• [EXERCISE DESCRIPTION]
Take every line from the material that has the word "Meldeplattform" in it.

• [SOURCE DATA]

......

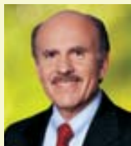
Louis Ignarro Premio Nobel† per la Medicina, Membro dell'Herbalife Nutrition Institute e del Comitato Consultivo Herbalife per la Nutrizione
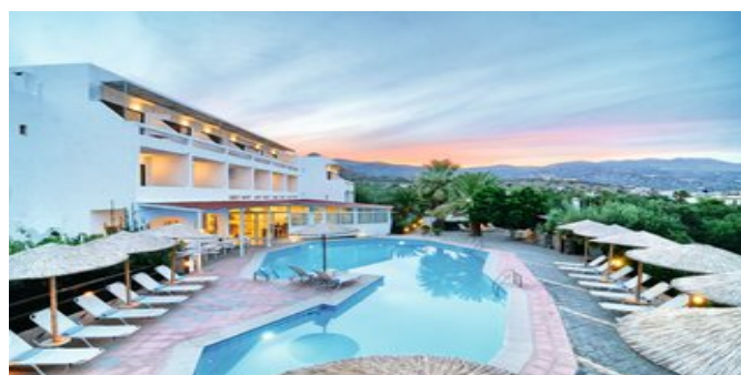
Das Elounda Krini Hotel mit Pool
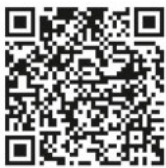
Meldeplattform Asiatische Hornisse

Sichtungen von Einzeltieren und insbesondere Nester sollen weiterhin ausschließlich über die Meldeplattform der Landesanstalt für Umwelt gemeldet werden. Dies kann über die Homepage der Landesanstalt für Umwelt (LUBW) oder über die kostenlose „Meine Umwelt-App“ erfolgen:
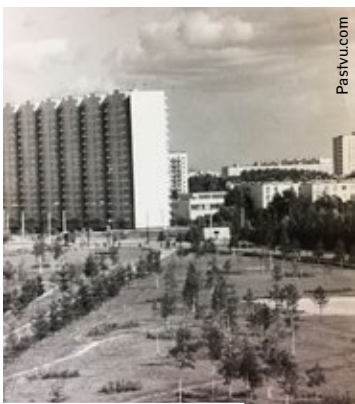
Парк ВИСХОМ, 1982

За время существования института в нем создали около 1200 машин — сеялки, зерновые комбайны,

......

• [RESULT]
Meldeplattform Asiatische Hornisse
Sichtungen von Einzeltieren und insbesondere Nester sollen weiterhin ausschließlich über die Meldeplattform der Landesanstalt für Umwelt gemeldet werden. Dies kann über die Homepage der Landesanstalt für Umwelt (LUBW) oder über die kostenlose „Meine Umwelt-App“ erfolgen:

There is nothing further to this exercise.